Grush: I noticed something on one of the KualiCo blogs, that I think might be an operating principle that could differentiate the company: KualiCo is developing software and distributing software updates based on "continuous delivery." Could you tell me a little about that?

Dehlin: Sure. Core to and underpinning all of the four goals I just mentioned, is our development methodology, which is called "continuous delivery." The idea is that we are continually adding value to the products. So, when a bug is reported, or when an issue comes out, or when someone requests a new feature — when there is some new value that we want to add, we are doing that all the time. In the same way that Google or FaceBook add new value on a continuous basis, we are adding value continuously — not just as part of infrequent new issues of the software. So, that means you'll see updates not on a quarterly cycle, or an annual cycle; rather, you'll see them literally all the time.

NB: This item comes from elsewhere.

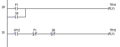 Infine, per la gestione delle emergenze si è utilizzata una sola transizione (TR14) che segue tutte le fasi dell'SFC (vedere figura seguente). Normalmente nel linguaggio SFC ciò corrisponde ad una sincronizzazione tra le fasi, quindi la gestione delle emergenze realizzata in questo modo non è corretta (tutte le fasi devono essere attive per rendere la transizione superabile). Tuttavia in ladder è sufficiente inserire come condizione di superabilità della transizione TR14, l'attivazione di F1 (relé termico del motore) o l'attivazione del pulsante di emegenza S8, senza considerare le fasi precedenti.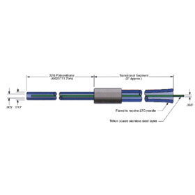 該導(dǎo)管系統(tǒng)提供最小直徑導(dǎo)管 /管芯產(chǎn)品,適用于小鼠和其它小型研究動物的心血管、顱內(nèi)實(shí)驗應(yīng)用。32G小鼠顱內(nèi)導(dǎo)管構(gòu)造圖見下,前端也是主要部分長11.7cm,尺寸32G 的聚氨酯導(dǎo)管(0.010英寸O.D./ 0.005英寸 I.D.);緊接著后段是過渡連接區(qū)域長大約7.6cm,其末端膨大為喇叭形連接口(可配套27 G 針);整個導(dǎo)管內(nèi)有一條直徑 0.003英寸 的特氟龍材料包被的不銹鋼針(鈍頭針)。該導(dǎo)管系統(tǒng)獨(dú)立包裝。

Grush: You have a blog that outlines KualiCo's recent development work. The blog details several projects — there are too many to discuss in this Q&A, but is there one you'd pick as very important right now?

Dehlin: Yes. We're about to finish Curriculum Management, which is the first module of the Student Information System. We'll be introducing that in July, so we'll be talking about it more at AACRAO Tech in Austin. It's highly configurable, and it's mobile. It's fantastic, and people who have seen it are very excited about it. 

Grush: Kuali software has always been "created for higher education" and higher education friendly. Do you see the Kuali suite as becoming the "go to" products for the higher education market?

Dehlin: To get there, and to get that kind of recognition, I think that we need to have the whole suite. So far, the number of schools talking to us, and reaching out to us, has been extraordinary. But we do need a little more time under our belt — this company was formed just this past fall. But we've made great progress toward that important goal of a complete suite. For example, we've delivered our first module: We completely rewrote Ready, our continuity planning product, from scratch. We did that in only 6 months, and the new version is fantastic. It's well-designed, it's fully multi-tenant, it's drag-and-drop, and it's mobile… This is an excellent example of what we can do. Given the capabilities we've demonstrated as a company, I'm very encouraged that we can attain all our goals.